Машины медленно продвигались вперёд, ползли, словно червяк по сухой дороге, который сам не понимает зачем вылез на поверхность. Пар или угарный газ вздымается вверх и растворяется в вечернем небе. «Ты сам выбрал эту дорогу. Ты сам выбрал этот путь, засохший ты червяк» - пронеслось у меня в голове. Глубоко вздохнув, опустил голову на руль и закрыл глаза. Хочу домой. Нет, не туда где постоянно пахнет человеческим потом и сизым дымом сигарет, а может и туда, главное, чтобы ждали...хоть кто-то и уже неважно где.
- Иван Сергеевич!
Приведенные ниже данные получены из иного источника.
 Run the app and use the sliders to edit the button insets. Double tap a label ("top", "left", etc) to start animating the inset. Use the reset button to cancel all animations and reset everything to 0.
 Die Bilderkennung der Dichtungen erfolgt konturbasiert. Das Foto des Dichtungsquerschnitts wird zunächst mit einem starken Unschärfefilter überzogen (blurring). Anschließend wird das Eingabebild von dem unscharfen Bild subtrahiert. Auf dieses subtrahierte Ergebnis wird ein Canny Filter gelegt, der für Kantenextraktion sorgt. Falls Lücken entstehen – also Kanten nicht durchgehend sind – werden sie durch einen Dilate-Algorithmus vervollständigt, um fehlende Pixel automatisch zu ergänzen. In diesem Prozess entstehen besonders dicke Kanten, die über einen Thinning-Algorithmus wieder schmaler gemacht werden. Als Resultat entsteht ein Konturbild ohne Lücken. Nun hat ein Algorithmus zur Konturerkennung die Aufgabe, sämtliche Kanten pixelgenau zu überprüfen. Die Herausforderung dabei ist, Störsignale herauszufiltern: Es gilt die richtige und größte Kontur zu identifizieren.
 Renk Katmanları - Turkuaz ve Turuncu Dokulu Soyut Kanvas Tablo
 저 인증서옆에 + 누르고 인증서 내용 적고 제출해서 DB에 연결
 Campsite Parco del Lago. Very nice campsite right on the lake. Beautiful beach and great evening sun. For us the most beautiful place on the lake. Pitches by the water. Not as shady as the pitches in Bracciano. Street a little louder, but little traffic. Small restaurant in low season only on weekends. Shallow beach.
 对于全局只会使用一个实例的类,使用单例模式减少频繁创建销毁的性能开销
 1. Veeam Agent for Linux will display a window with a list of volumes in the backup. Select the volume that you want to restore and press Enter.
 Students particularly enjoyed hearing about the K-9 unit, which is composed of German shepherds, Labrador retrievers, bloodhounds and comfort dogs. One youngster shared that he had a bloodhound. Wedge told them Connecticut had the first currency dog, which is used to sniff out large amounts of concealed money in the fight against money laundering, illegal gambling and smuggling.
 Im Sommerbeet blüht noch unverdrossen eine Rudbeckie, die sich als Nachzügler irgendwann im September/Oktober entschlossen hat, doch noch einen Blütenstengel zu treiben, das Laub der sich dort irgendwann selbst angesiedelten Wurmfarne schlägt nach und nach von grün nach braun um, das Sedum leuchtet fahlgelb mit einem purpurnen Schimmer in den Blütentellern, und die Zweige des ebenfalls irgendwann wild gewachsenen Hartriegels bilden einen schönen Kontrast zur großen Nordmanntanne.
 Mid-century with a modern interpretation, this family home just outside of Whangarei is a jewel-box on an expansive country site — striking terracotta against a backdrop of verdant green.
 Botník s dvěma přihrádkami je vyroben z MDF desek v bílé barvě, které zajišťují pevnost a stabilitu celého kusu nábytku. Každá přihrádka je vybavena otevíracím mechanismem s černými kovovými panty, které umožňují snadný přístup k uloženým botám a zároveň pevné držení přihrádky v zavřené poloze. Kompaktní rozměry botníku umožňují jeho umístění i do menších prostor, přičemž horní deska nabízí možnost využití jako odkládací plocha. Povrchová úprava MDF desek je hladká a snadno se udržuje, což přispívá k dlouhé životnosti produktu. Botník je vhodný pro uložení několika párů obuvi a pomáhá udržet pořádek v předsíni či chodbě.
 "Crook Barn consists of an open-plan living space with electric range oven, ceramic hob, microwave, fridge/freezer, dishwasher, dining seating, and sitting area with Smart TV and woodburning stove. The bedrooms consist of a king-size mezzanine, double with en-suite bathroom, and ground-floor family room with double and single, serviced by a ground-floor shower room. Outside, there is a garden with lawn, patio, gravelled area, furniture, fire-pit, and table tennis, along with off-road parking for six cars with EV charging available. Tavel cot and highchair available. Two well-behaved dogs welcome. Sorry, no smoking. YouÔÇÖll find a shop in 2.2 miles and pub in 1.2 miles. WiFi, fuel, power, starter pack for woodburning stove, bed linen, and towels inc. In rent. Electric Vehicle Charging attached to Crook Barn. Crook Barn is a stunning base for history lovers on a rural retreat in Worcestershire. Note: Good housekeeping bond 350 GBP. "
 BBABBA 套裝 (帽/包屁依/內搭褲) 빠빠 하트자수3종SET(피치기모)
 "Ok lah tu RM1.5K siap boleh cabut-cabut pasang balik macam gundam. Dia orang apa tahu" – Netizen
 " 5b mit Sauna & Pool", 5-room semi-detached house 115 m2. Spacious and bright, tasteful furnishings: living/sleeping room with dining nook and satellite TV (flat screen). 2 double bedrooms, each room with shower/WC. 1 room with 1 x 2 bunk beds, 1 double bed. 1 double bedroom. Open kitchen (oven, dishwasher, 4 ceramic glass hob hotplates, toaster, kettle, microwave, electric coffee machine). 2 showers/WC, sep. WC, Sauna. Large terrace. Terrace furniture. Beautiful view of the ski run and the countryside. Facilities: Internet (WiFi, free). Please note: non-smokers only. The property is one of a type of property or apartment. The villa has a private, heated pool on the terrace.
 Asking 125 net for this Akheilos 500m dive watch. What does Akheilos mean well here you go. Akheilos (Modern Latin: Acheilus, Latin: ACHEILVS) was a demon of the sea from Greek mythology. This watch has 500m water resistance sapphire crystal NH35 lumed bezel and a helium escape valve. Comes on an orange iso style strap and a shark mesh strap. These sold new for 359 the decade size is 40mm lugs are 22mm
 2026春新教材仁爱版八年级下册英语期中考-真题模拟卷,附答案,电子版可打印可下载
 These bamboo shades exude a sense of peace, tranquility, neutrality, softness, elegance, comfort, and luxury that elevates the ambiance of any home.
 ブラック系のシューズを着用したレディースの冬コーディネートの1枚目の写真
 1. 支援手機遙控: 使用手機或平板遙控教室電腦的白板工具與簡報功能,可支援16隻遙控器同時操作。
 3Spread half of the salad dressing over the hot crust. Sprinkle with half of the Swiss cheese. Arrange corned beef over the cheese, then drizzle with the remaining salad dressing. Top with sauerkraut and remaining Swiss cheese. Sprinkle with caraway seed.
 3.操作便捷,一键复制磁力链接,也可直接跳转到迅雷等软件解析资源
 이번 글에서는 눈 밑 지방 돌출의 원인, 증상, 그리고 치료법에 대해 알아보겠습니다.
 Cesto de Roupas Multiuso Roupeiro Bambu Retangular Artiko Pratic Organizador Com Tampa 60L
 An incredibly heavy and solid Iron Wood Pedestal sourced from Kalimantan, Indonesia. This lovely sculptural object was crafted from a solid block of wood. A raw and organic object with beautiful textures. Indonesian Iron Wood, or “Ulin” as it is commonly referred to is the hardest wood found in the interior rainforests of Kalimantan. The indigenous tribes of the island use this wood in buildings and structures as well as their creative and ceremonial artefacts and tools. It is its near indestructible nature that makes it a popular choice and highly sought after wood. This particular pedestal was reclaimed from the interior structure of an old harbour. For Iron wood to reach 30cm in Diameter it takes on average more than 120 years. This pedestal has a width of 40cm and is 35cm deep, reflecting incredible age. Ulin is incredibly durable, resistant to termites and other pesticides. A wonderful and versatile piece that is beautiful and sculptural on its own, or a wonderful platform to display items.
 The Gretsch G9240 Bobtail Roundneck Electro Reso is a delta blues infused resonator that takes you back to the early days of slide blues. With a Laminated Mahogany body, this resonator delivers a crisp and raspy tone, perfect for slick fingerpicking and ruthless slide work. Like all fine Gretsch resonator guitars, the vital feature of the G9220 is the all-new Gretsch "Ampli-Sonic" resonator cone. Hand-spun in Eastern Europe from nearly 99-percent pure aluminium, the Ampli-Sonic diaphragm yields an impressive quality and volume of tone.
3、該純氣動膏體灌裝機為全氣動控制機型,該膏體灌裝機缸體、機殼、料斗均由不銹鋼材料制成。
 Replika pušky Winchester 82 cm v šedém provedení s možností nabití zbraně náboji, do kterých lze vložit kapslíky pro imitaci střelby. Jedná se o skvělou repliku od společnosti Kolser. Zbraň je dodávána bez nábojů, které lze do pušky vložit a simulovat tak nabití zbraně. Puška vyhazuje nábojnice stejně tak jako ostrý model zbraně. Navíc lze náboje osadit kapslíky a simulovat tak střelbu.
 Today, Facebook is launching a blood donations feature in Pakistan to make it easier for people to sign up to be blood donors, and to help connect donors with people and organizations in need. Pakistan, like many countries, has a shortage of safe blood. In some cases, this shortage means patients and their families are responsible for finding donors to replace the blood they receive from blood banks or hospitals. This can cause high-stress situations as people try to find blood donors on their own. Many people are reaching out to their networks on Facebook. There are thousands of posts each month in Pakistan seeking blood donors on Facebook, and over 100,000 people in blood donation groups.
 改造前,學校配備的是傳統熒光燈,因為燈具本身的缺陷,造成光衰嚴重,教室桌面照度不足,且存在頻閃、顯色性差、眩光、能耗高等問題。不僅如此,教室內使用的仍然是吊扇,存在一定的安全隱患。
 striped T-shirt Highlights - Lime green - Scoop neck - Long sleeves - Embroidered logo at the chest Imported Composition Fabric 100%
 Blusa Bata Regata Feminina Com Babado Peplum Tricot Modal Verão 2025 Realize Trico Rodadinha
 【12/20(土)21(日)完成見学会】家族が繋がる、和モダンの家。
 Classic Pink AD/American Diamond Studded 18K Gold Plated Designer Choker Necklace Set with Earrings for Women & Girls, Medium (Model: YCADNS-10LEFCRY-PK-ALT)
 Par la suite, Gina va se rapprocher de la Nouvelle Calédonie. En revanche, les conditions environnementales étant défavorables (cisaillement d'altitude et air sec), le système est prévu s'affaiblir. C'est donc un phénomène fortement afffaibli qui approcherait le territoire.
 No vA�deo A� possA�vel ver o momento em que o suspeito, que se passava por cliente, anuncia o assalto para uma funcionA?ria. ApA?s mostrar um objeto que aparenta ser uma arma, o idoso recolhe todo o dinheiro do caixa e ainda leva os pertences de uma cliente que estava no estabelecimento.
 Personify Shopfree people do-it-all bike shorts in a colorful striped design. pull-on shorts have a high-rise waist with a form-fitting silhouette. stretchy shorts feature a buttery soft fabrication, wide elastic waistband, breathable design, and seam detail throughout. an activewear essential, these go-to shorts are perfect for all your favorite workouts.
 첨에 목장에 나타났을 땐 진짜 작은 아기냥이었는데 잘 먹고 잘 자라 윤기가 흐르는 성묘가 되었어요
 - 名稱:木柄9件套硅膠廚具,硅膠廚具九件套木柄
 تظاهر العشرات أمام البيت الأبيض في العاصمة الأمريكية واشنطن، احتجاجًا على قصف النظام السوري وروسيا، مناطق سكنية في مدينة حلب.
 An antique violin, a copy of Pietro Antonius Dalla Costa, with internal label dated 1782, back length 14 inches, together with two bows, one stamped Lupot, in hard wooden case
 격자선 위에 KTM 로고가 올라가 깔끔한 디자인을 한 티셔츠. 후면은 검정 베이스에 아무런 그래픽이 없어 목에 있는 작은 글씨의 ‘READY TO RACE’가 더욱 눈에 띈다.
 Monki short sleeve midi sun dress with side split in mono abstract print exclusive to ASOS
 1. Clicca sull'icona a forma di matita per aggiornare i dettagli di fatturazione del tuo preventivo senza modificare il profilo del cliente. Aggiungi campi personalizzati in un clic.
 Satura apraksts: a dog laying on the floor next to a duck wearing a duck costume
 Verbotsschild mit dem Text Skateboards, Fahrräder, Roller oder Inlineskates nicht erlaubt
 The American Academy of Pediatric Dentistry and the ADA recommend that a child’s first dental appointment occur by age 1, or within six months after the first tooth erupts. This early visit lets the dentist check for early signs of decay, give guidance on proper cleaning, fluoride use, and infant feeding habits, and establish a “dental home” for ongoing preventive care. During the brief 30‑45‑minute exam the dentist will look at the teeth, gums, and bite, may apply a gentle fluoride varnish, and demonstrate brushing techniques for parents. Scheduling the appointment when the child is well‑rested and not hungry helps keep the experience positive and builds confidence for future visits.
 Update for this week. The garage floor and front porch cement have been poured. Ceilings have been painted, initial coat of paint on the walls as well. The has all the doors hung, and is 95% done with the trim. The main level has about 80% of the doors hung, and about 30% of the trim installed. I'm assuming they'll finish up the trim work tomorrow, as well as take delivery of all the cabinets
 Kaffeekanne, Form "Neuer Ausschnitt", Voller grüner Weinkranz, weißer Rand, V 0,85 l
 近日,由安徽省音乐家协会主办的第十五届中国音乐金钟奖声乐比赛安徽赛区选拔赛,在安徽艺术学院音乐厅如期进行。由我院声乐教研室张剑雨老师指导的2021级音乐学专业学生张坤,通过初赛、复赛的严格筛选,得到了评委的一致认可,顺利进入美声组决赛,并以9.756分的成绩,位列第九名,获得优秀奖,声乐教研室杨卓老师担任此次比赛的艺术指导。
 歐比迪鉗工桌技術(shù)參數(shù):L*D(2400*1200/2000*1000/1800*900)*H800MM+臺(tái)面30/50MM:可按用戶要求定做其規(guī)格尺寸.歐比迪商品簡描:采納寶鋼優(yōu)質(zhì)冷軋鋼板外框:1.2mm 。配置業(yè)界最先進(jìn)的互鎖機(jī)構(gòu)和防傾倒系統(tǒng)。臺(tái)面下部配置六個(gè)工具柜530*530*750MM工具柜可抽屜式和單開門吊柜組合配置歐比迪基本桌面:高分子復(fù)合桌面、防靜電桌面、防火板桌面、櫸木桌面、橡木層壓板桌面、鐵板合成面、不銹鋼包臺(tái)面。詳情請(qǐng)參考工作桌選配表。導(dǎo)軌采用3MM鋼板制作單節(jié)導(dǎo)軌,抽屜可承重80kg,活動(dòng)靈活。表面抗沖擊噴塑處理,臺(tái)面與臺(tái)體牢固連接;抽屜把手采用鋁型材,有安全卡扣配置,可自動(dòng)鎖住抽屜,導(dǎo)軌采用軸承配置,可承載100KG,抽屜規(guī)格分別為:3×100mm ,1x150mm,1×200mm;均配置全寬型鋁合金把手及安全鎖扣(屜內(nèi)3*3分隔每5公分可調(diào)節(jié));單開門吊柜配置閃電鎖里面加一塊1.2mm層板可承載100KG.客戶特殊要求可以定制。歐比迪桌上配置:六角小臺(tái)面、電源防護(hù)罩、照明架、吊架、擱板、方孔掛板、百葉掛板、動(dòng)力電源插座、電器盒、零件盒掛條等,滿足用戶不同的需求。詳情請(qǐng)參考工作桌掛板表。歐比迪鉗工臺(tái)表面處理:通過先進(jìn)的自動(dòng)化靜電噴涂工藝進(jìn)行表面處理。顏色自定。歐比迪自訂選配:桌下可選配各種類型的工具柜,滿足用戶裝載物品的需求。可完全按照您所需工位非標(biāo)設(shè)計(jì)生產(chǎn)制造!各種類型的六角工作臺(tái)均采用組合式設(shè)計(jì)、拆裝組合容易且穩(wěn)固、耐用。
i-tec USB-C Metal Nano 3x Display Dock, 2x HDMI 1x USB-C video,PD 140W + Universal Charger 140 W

Прекратите! Отстаньте! - разносилось по коридору «как бы дома» - Вы пьяны! Не шалите!
Всё как обычно: любовница разорившегося депутата опять флиртовала с нашим завсегдатаем Иваном Сергеевичем Подольским, возомнившим себя, в пьяном угаре, барином времён Петра. И все понимали, что белочка у человека, но всем было, мягко говоря, плевать. В конце коридора как обычно кричали дети, которых работящая мамаша Елена Васильевна забыла покормить. Где-то в провонявшей комнате уже храпел наш плотник Тимур, которого занесло в Россию из Казахстана. Вот только после нескольких месяцев проведённых в достаточно приличных условиях, достаточно приличный человек попал в достаточно приличную драку, из которой вышел с достаточно приличным сотрясением, которое привело к потере памяти. В итоге: коммуналка, две подработки, чтобы прокормить себя и оплатить жилье, ни семьи (которая должна быть где-то, но он не помнит), ни имени.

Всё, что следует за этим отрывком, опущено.